BEGIN Data shown

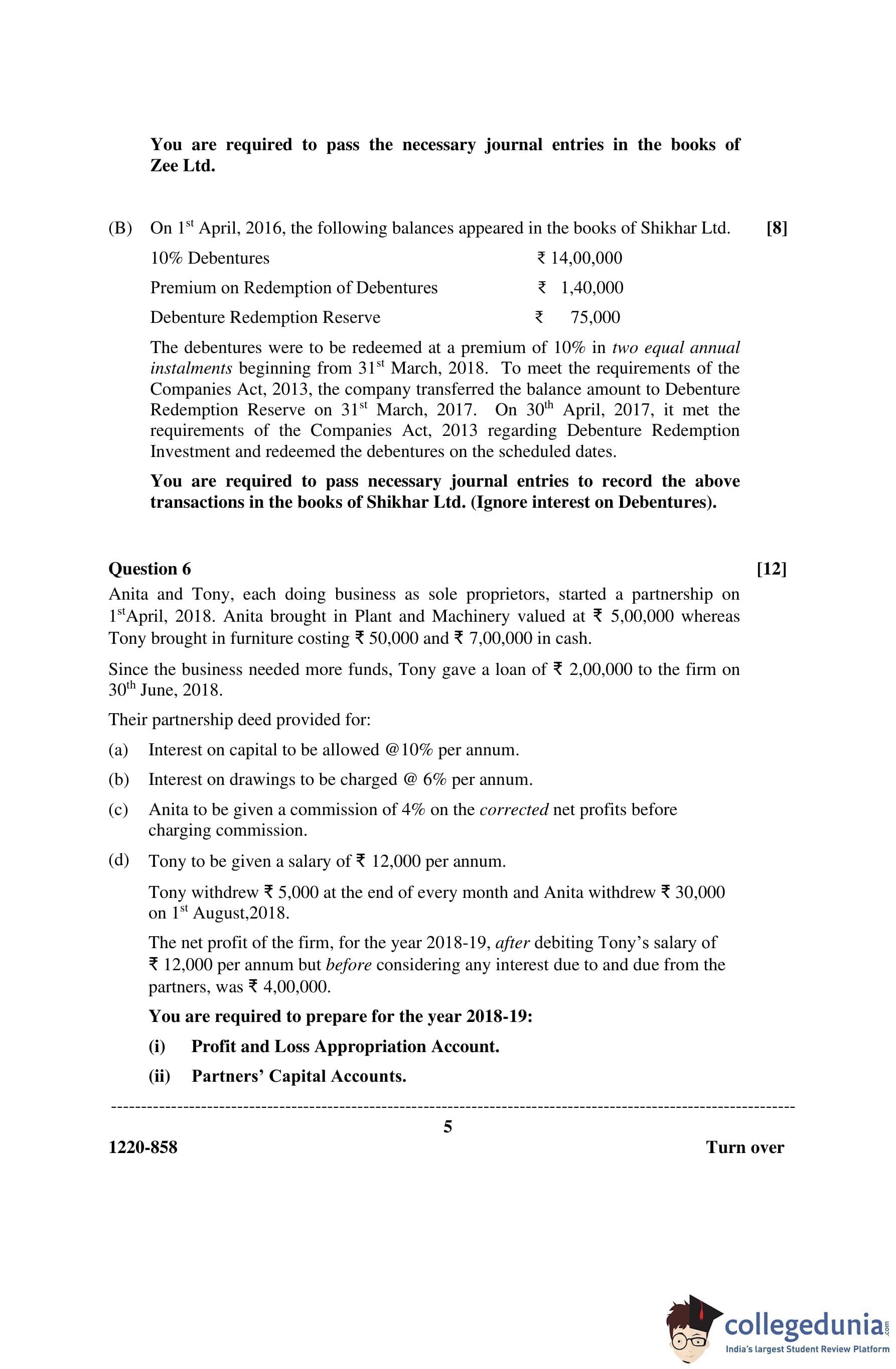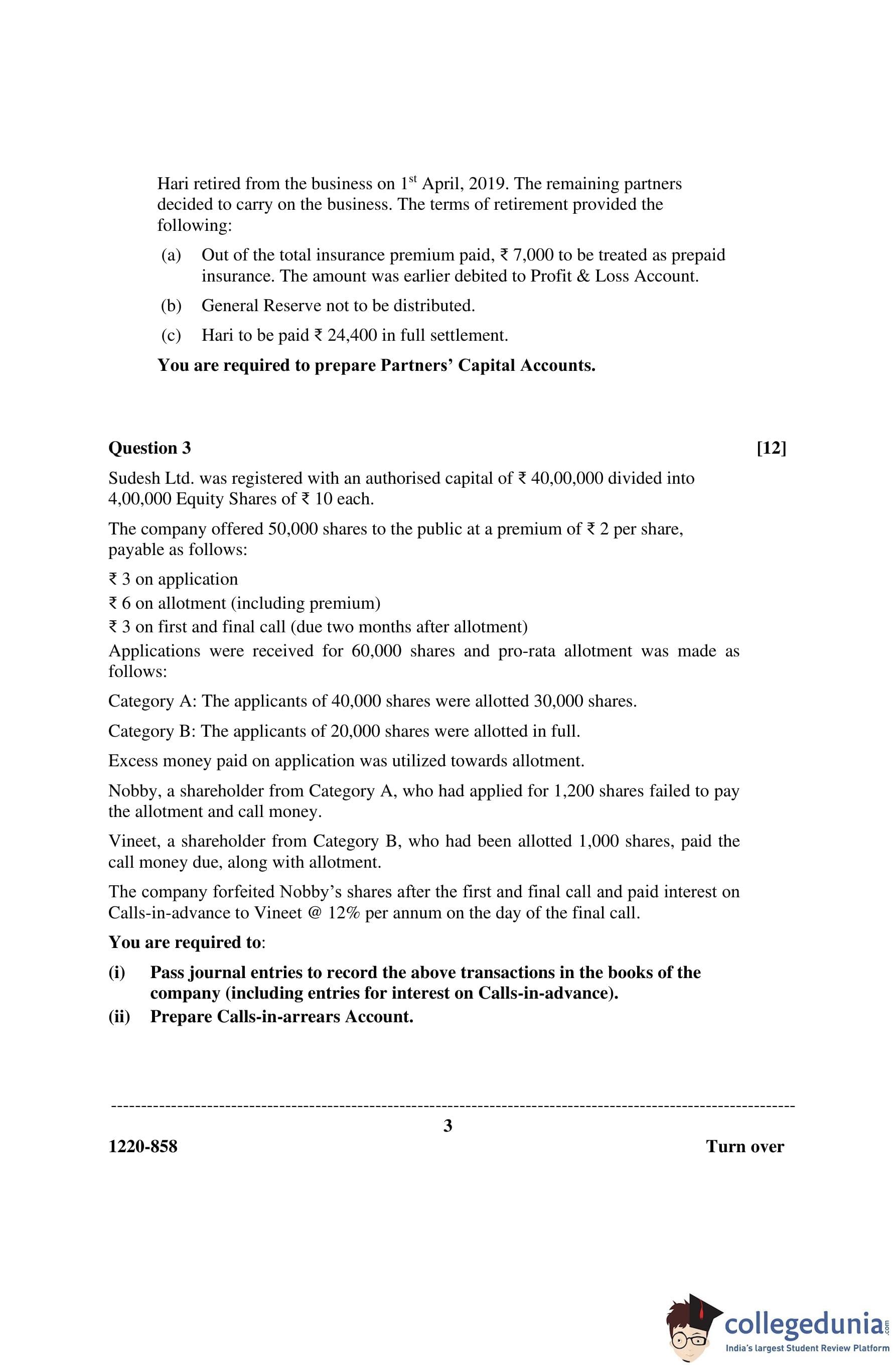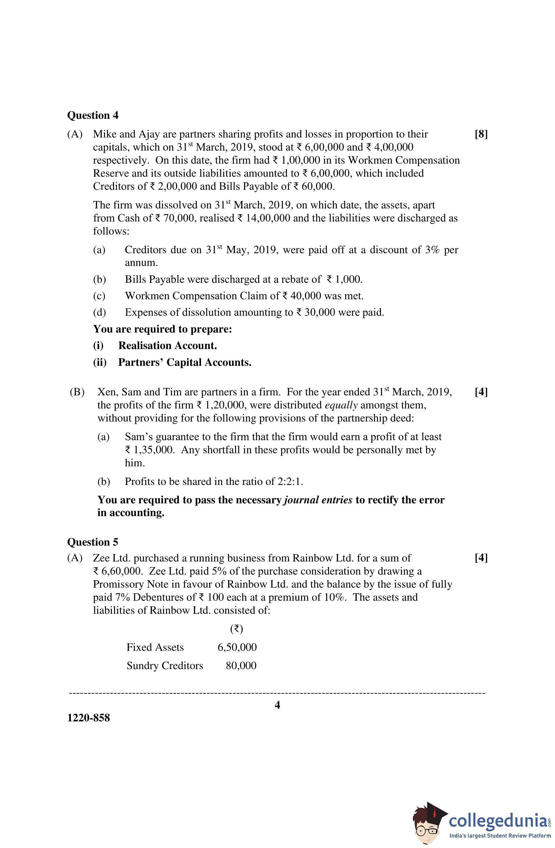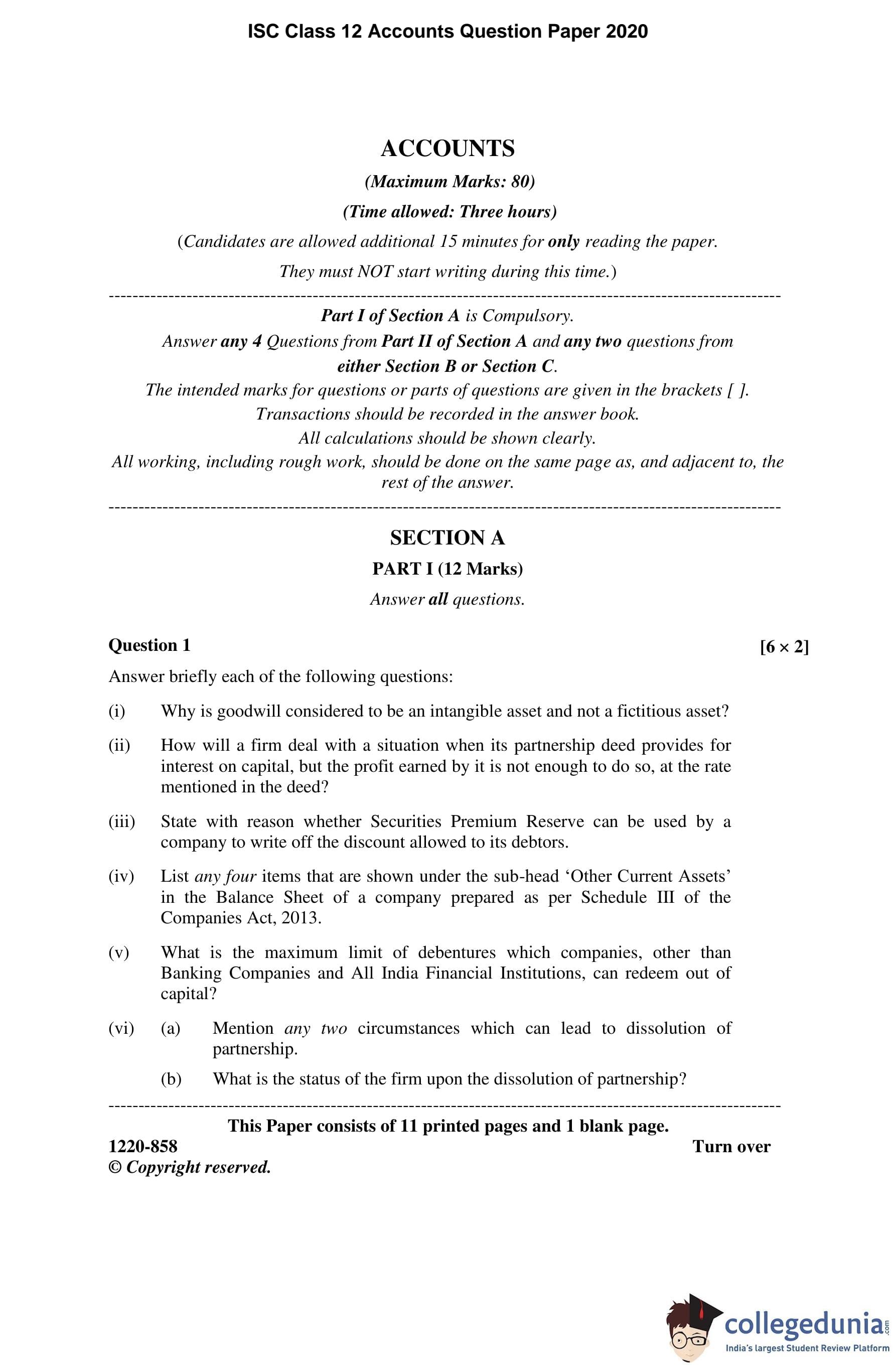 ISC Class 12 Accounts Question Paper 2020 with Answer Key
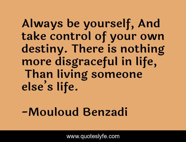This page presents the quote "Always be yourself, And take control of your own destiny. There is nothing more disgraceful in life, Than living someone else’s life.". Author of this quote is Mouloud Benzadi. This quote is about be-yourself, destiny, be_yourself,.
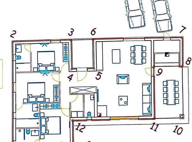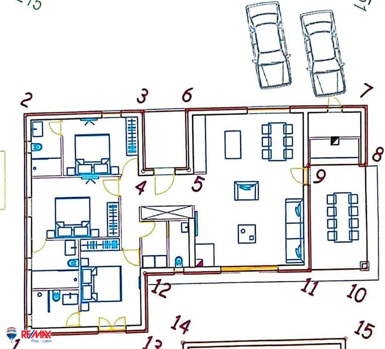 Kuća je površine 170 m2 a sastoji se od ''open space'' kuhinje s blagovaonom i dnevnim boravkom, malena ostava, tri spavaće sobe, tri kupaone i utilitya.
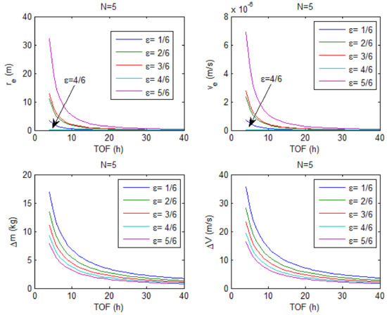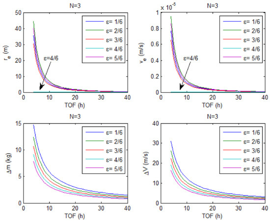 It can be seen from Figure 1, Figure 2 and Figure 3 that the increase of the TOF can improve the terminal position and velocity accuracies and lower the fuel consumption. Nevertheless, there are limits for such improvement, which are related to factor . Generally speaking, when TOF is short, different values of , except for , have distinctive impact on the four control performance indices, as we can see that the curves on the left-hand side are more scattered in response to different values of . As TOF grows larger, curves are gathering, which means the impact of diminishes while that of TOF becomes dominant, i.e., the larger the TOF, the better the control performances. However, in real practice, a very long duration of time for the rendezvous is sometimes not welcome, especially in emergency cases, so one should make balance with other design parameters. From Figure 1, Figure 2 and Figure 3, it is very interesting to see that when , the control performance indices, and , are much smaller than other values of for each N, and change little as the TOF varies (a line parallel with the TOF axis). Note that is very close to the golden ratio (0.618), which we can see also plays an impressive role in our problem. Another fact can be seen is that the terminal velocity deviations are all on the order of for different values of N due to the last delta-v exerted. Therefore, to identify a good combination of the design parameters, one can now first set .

END Data shown

• Your instructions: Please repeat all of the data exactly as it stands, leaving the pictures out.

• Result:
 ISC Class 12 Accounts Question Paper 2020 with Answer Key
This page presents the quote "Always be yourself, And take control of your own destiny. There is nothing more disgraceful in life, Than living someone else’s life.". Author of this quote is Mouloud Benzadi. This quote is about be-yourself, destiny, be_yourself,.
 Kuća je površine 170 m2 a sastoji se od ''open space'' kuhinje s blagovaonom i dnevnim boravkom, malena ostava, tri spavaće sobe, tri kupaone i utilitya.
 It can be seen from Figure 1, Figure 2 and Figure 3 that the increase of the TOF can improve the terminal position and velocity accuracies and lower the fuel consumption. Nevertheless, there are limits for such improvement, which are related to factor . Generally speaking, when TOF is short, different values of , except for , have distinctive impact on the four control performance indices, as we can see that the curves on the left-hand side are more scattered in response to different values of . As TOF grows larger, curves are gathering, which means the impact of diminishes while that of TOF becomes dominant, i.e., the larger the TOF, the better the control performances. However, in real practice, a very long duration of time for the rendezvous is sometimes not welcome, especially in emergency cases, so one should make balance with other design parameters. From Figure 1, Figure 2 and Figure 3, it is very interesting to see that when , the control performance indices, and , are much smaller than other values of for each N, and change little as the TOF varies (a line parallel with the TOF axis). Note that is very close to the golden ratio (0.618), which we can see also plays an impressive role in our problem. Another fact can be seen is that the terminal velocity deviations are all on the order of for different values of N due to the last delta-v exerted. Therefore, to identify a good combination of the design parameters, one can now first set .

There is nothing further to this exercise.